Prof. David Kuske, "Home Bible Study Groups in the 1990s," Wisconsin Lutheran Quarterly, Spring, 1994. p. 127.

Whenever cell groups meet, Pentecostals or charismatics see these groups as fertile ground for promoting tongue-speaking. If one can pray for God’s grace and forgiveness, then how much better would it be to speak in tongues? Every glossalalia salesman acts as if he swallowed the Holy Ghost feathers and all, so innocent people are swindled by the talk of “love” and “Jesus” and “do not let them quench the Holy Spirit.” Many WELS and LCMS pastors enamored of the Church Growth Movement have left Lutheranism to be non-denominational, Reformed, or charismatic.

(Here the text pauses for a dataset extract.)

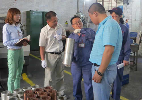 马夸特对秦汉冷锻冷精锻件进行审核 7月15日马夸特主要深入工厂一线,对秦汉冷锻的生产工艺、生产设备、各个环节的操作标准、质量控制等进行了深入的考察审核,并对其中的一些操作规范及质量控制措施的完善进行了深入的指导。
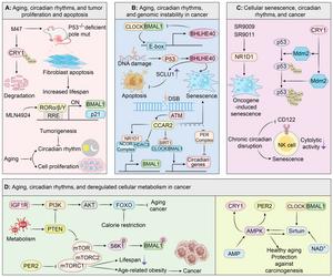 There exists a complex synergistic relationship among cancer, circadian rhythms, and aging: aging is a major risk factor for cancer, disruption of circadian rhythms promotes tumor initiation and progression, and aging itself exacerbates circadian dysregulation. These three interact through shared mechanisms such as genomic instability, cellular senescence, and chronic inflammation. Their intricate relationship provides new directions for the clinical management of cancer.

Whether the cell group is Pentecostal or not, spiritual pride soon sets in. The group is superior to the rest of the congregation, more loving, more generous, and more willing to witness. One advocate for koinonia groups in the LCA said, “ Who was in church every Sunday? The groups. Who showed up for work day? The groups. Who gave most of the offering? The groups. Before we had the koinonia groups, nothing was going on.”

Anti-Means of Grace
"Only little weight is attached to the ministry of the Word, to worship services, the Sacraments, to confession and absolution, and to the observance of Christian customs; a thoroughly regenerated person does not need these crutches at all. Pietism stressed the personal element over against the institutional; voluntariness versus compulsion; the present versus tradition, and the rights of the laity over against the pastors."
Martin Schmidt, "Pietism," The Encyclopedia of the Lutheran Church, 3 vols., ed. Julius Bodensieck, Minneapolis: Augsburg Publishing House, 1965, III, p. 1899.

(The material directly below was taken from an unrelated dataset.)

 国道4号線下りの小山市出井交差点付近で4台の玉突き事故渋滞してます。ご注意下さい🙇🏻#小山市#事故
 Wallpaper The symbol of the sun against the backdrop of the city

"The church is no longer the community of those who have been called by the Word and the Sacraments, but association of the reborn, of those who 'earnestly desire to be Christians'...The church in the true sense consists of the small circles of pietists, the 'conventicles,' where everyone knows everyone else and where experiences are freely exchanged."
Martin Schmidt, "Pietism," The Encyclopedia of the Lutheran Church, 3 vols., ed. Julius Bodensieck, Minneapolis: Augsburg Publishing House, 1965, III, p. 1899.

Cell groups are also divisive, because they not only act superior, but also because they set themselves up against the congregation. Many Baptists will admit angrily that they have Sunday School leaders who have never set foot in church for decades and never plan to do so. Obviously, for them, the group is the real church. These words are often spoken by Lutheran Pietists: my church is home Bible study group. The group leader often conducts himself as an opponent of the called pastor. At the very least, the Means of Grace are scorned or diminished in favor of experience, feelings, and the intimacy of the group.

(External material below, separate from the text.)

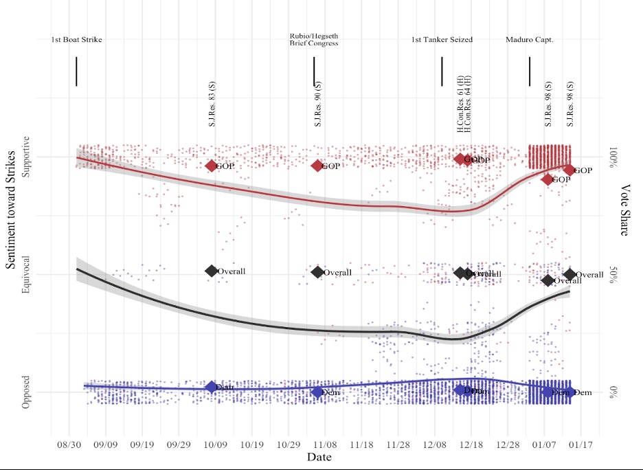Figure 1 presents legislator position-taking toward directly striking Venezuela, by day, since Sept. 9, 2025. Each dot represents a specific legislator’s aggregate expressed sentiment over the prior seven-day period, with blue dots representing Democrats and red dots representing Republicans. We average the expressed stance of legislators who issued more than one statement in a given week—that is why some dots appear between outright positions. We include three smoothed lines that depict average expressed sentiment among Republicans (red), Democrats (blue), and Congress overall (black). We also include vote shares toward several war powers resolutions receiving floor votes over the past four months. Taken together, our empirics provide a “snapshot” of congressional sentiment regarding the use of military force in the crisis.

B. Doctrinal Indifference – Life over doctrine, heart versus head religion
Spener’s program made personal experience the norm of the Christian. What someone thought, felt, or experienced was more significant than what the Bible revealed or the Confessions taught. Lack of trust in the efficacy of the Gospel was countered by an anxious need “to witness, to save all those lost souls.” In addition, Lutheran orthodoxy is seen as an enemy of evangelism, as cold and intellectual.

"But a cold heart can beat close to a correct mind. There are too many churches with impeccable credentials for orthodox theology whose outreach is almost nil. They are 'sound,' but they are sound asleep." Leighton Ford (Billy Graham’s in-law), The Christian Persuader. Valleskey askes: "true to a certain degree of us?"
Prof. David J. Valleskey, Class Notes, The Theology and Practice of Evangelism, Pastoral Theology 358A, Wisconsin Lutheran Seminary, p. 24.

Lutheran Pietists excuse their love of Reformed doctrine by saying, “Look at all the witnessing I am doing.” Their position is appealing, because it does not require much thought. A handful of their books could be palmed by any adult. Their works are physically and doctrinally light, but long on emotions, appealing to the Me Generation. Their leaders learn to pipe their eyes, as one person described it so eloquently. At the right moment, they burst into tears. One pastor would wipe a tear from his eye, hold it up, and look at it during the sermon. The best sermons at that church were succinctly described in this way, “The treasurer wept.”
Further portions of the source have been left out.